Data shown:
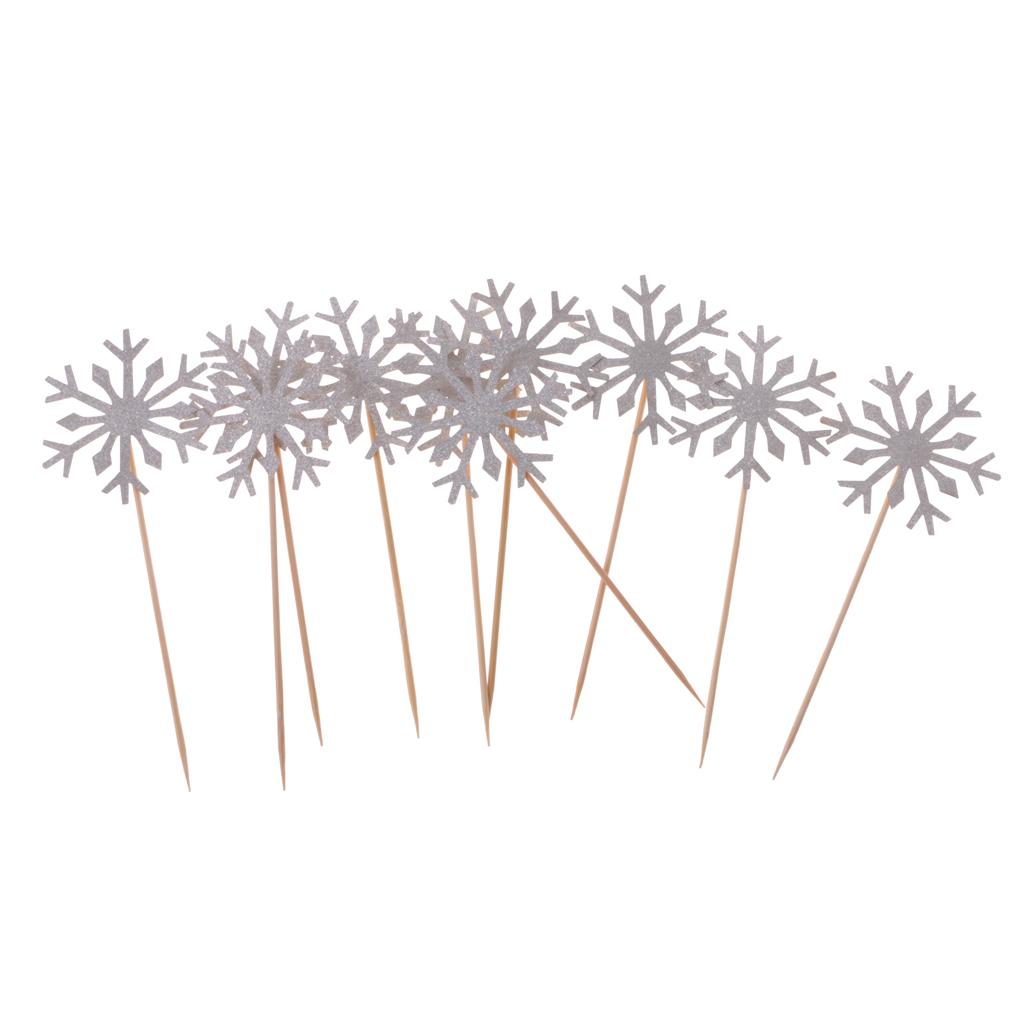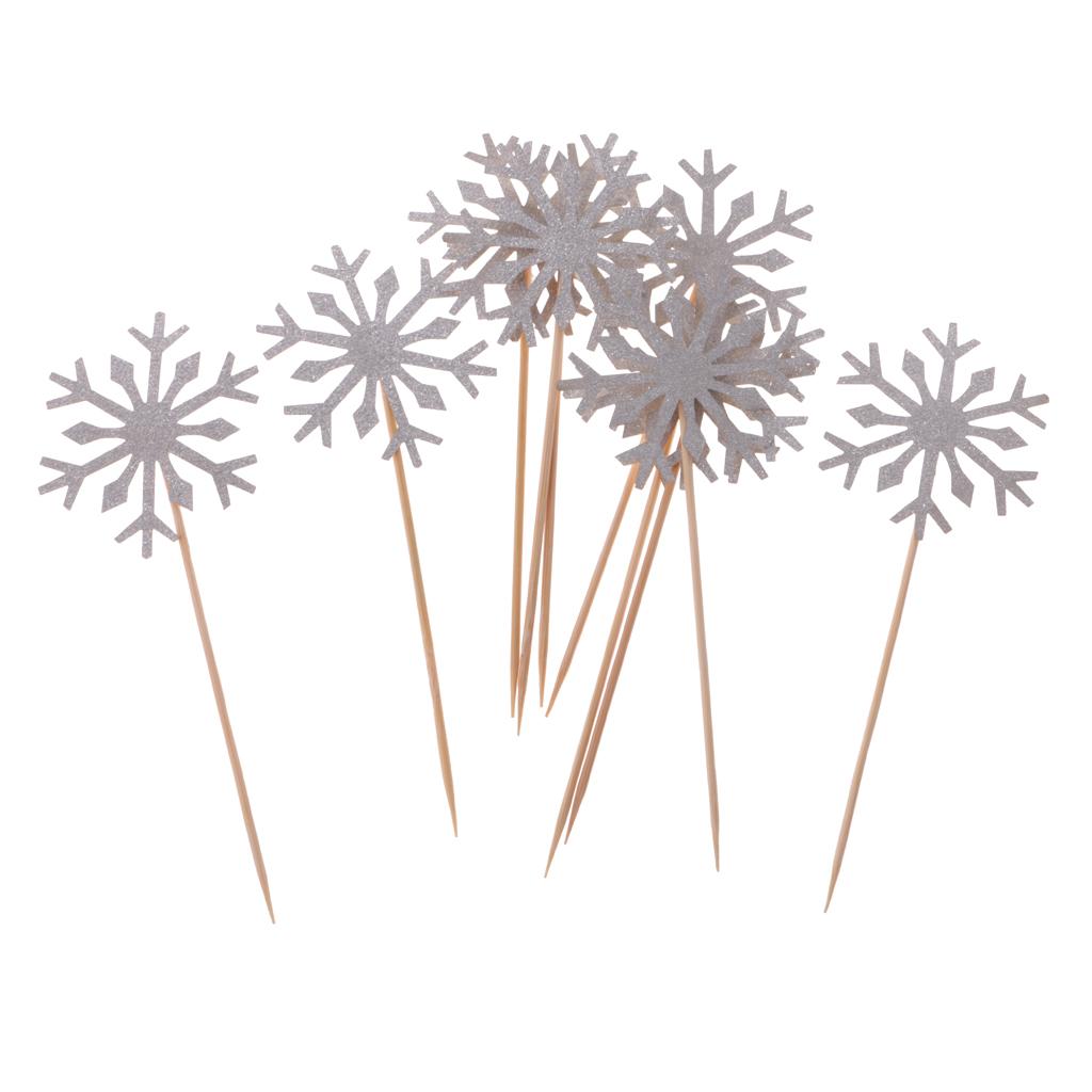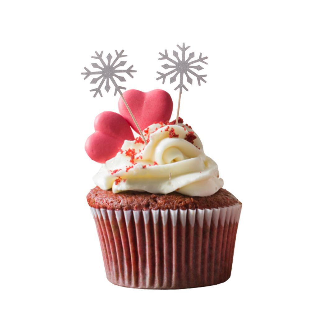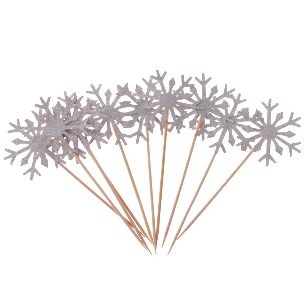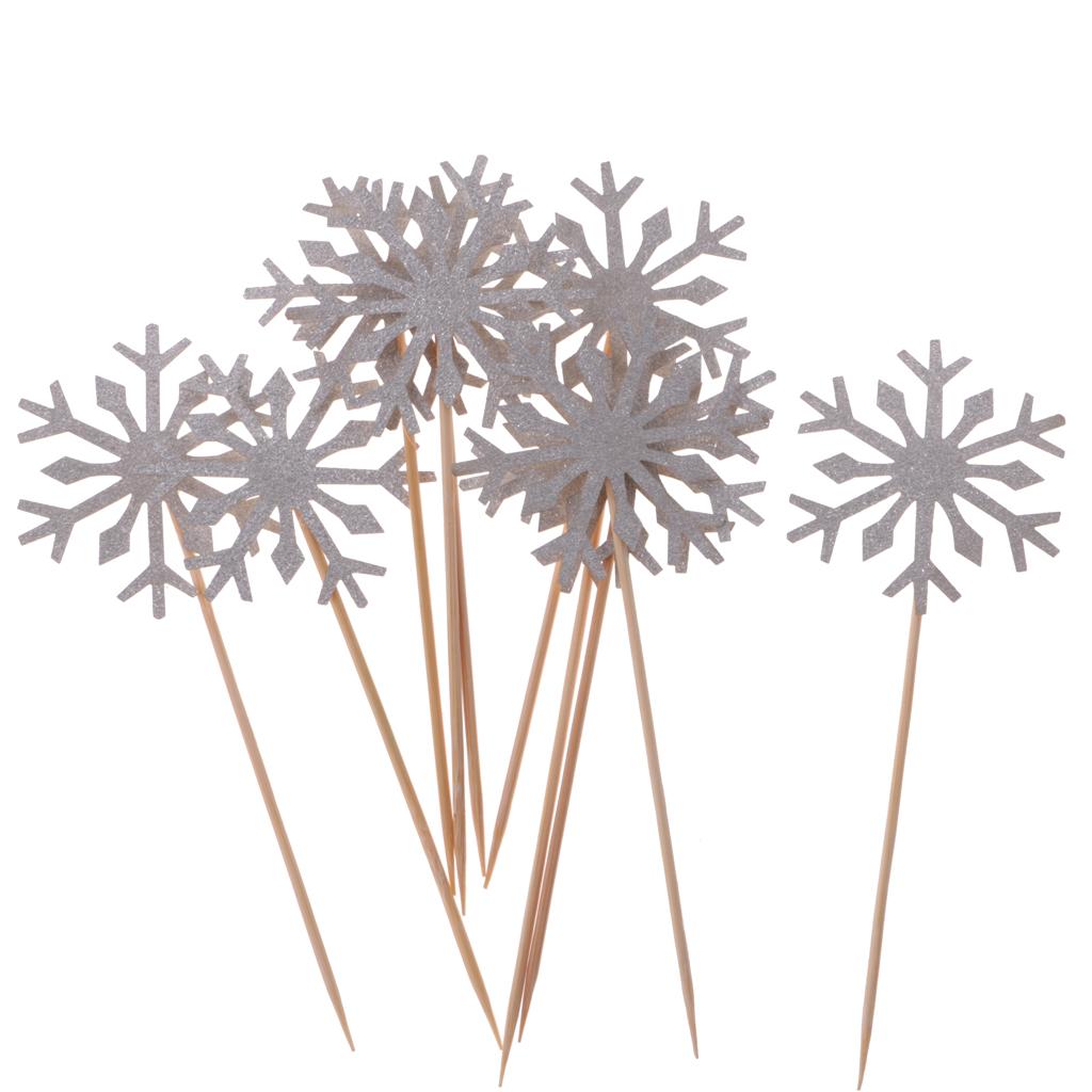 Creative glitter silver snowflake design cake toppers cupcake picks
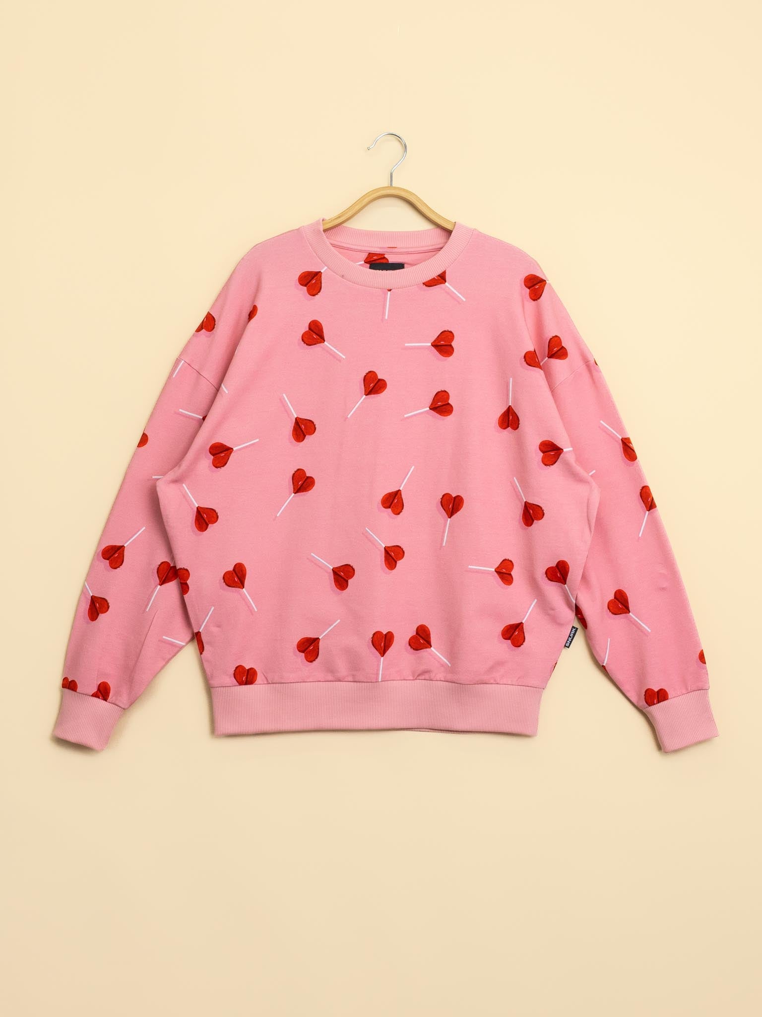 Alle gekheid op een stokje, deze print van fel rode hartjes lollies op roze achtergrond zijn toch te gezellig? Zoet, vrolijk en bomvol good-vibes. Gemaakt van zacht biologisch katoen. Of je nu heel klein bent of groot, hier gaat elk hartje sneller van kloppen.
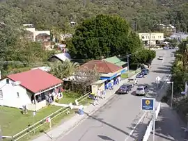 The southern ends of the Pacific Motorway (M1) Brooklyn Bridge and the Pacific Highway Peats Ferry Bridge across the Hawkesbury River are located at Kangaroo Point. It has been termed "the entrance to Sydney" by those commuting from the north.[10] The first Australian five-pound note included a picture of Kangaroo Point.[10] In 2012 the Hornsby Shire Council undertook building work to construct viewing platforms and recreational areas.[10]

What this task involves:
If the listing above includes images, copy every line of it exactly except those images.

Task result:
 Creative glitter silver snowflake design cake toppers cupcake picks
 Alle gekheid op een stokje, deze print van fel rode hartjes lollies op roze achtergrond zijn toch te gezellig? Zoet, vrolijk en bomvol good-vibes. Gemaakt van zacht biologisch katoen. Of je nu heel klein bent of groot, hier gaat elk hartje sneller van kloppen.
 The southern ends of the Pacific Motorway (M1) Brooklyn Bridge and the Pacific Highway Peats Ferry Bridge across the Hawkesbury River are located at Kangaroo Point. It has been termed "the entrance to Sydney" by those commuting from the north.[10] The first Australian five-pound note included a picture of Kangaroo Point.[10] In 2012 the Hornsby Shire Council undertook building work to construct viewing platforms and recreational areas.[10]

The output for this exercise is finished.